Formatting – the order number must be in the format of NN-LLLL-NN, with no exceptions
Overloading – each record must only have one entry in the part code, there must not be multiple part codes in the same field
etc….
Convert these data quality rules into a live monitoring process, e.g.
Use one of the many data quality and data integration tools available
Use standard scripts in SQL or Unix, or whatever your data processing platform uses
Implement the process and start to track the issues discovered
Review the impact of any data defects and request a more robus ‘Data Quality SLA’ with your data supplier:
Run this process for at least a month, discovering issues and fixing manually where applicable
Create a comprehensive file of all the issues found and the impacts they’re having in your organisation
Approach the data supplier outlining your findings, the innovations you have made and the issues you are picking up
If no SLA or formal definitions and agreements around data quality exist, work with your stakeholder and the supplier to get something in place
Agree to share your technology and approach with the supplier so that they can improve their data quality (chances are it’s being supplied to other companies too)
Work together to iteratively create the most robust data quality firewall and SLA process possible
Sample Sections of a Data Quality SLA
Please note, this information is provided merely as an introductory guide without prejudice, it is not intended as legal advice, always seek professional assistance when creating legal documentation.
There are hundreds of templates for an SLA on the web but here is one example of how you could apply it to data quality:
1. Introduction
This Service Level Agreement (SLA) documents the agreed provision of service for the supply of data by [Supplier] to [Receiver]. This document provides a legally binding contract that stipulates the service and quality levels that will be enforced during the term of the service agreement between both parties.
2. Parties to the Agreement
Lists the people who have reviewed and approved the SLA.
3. Scope
High-level outline of the data and services to be provided.
4. Term
Indicate the start and end date of the SLA.
5. Conventions
List all the standards, terms and definitions that are referenced throughout the SLA. For example:
“Office Hours” refers to 9am to 5pm GMT.
“Working Day” refers to Monday to Friday except for UK designated holidays.
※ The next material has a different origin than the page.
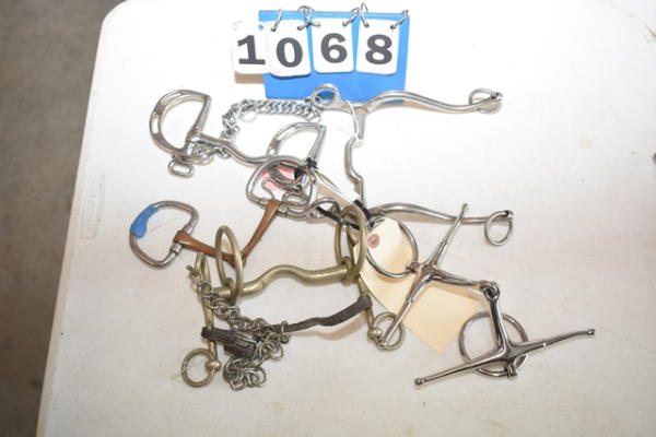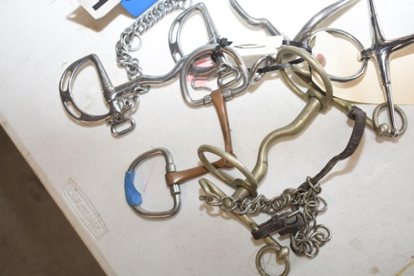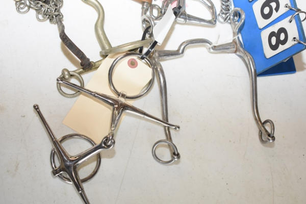 Lot of 5 4 3/4" bits including a foamer, a d-ring snaffle, a Kimberwick, a long shank square port Tellum/grazing bit, and a Made in England with inside rings that has a Pelham on the outside and a single floating loose ring to hook to the over check or your double bridle

“CSV” refers to “Comma Separated File”, a raw text file format as described in this open standard: http://mastpoint.curzonnassau.com/csv-1203/csv-1203.pdf
etc…
6. Service Levels
Data Delivery Schedule: Indicates how frequently data should be supplied e.g Every working day between 9am and 10am GMT.
Data Delivery Specification: How will the data be structured? Which fields must be mandatory? What standard data types will exist? What CSV standard must be adhered to? What standards for identifiers and codes must be adhered to? How will the data be encrypted e.g zip file? What is the data standard and specification for attribute A, B, C, …,n?
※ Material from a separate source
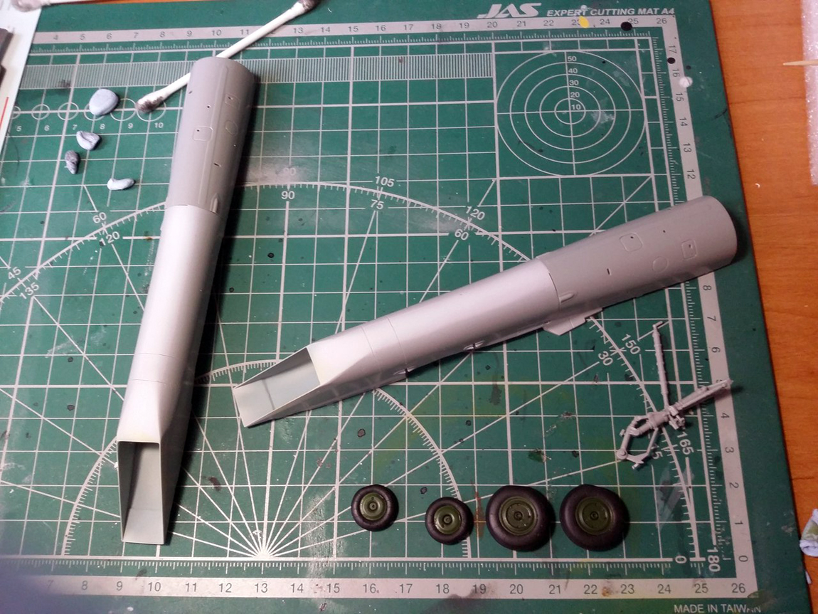 Далее состыковал две половины фюзеляжа, в конус вложил груз и тоже приклеил к конструкции. Приклеил кили. под килями нужно изрядно попотеть со стыковкой и шпаклевкой. Не забудьте про развал килей. Установил блоки ЛТЦ, тормозной щиток и контейнер ТП.

Data Delivery Process: High-level diagram outlining the steps required for data delivery.
Escalation Process: When issues are found, how will the supplier be notified, what is expected of them?
7. Service Level Targets and Penalties
Describe each service level, it’s measure and it’s target. For example:
Measure: Timeliness
Description: Data must be supplied within the approved data delivery schedule
Target: 95% annual delivery within the approved data delivery schedule, 97% within approved data delivery schedule + 30 minutes, 100% within approved data delivery schedule + 60 minutes
Penalties: £10 for every minute delay up to 60 minutes. Past 60 minutes £1000 per hour delay.
8. Rewards
Outline any reward structures that the supplier receives for meeting their SLA targets.
9. Points of Contact
List of key personnel involved in the service from both parties.
10. Signatures
List of authorised signatures to make the agreement binding.
10. Appendix, Glossary and References
Provide additional resources such as sample file extracts, detailed glossary and links to other standards and external information that is relevant to the SLA.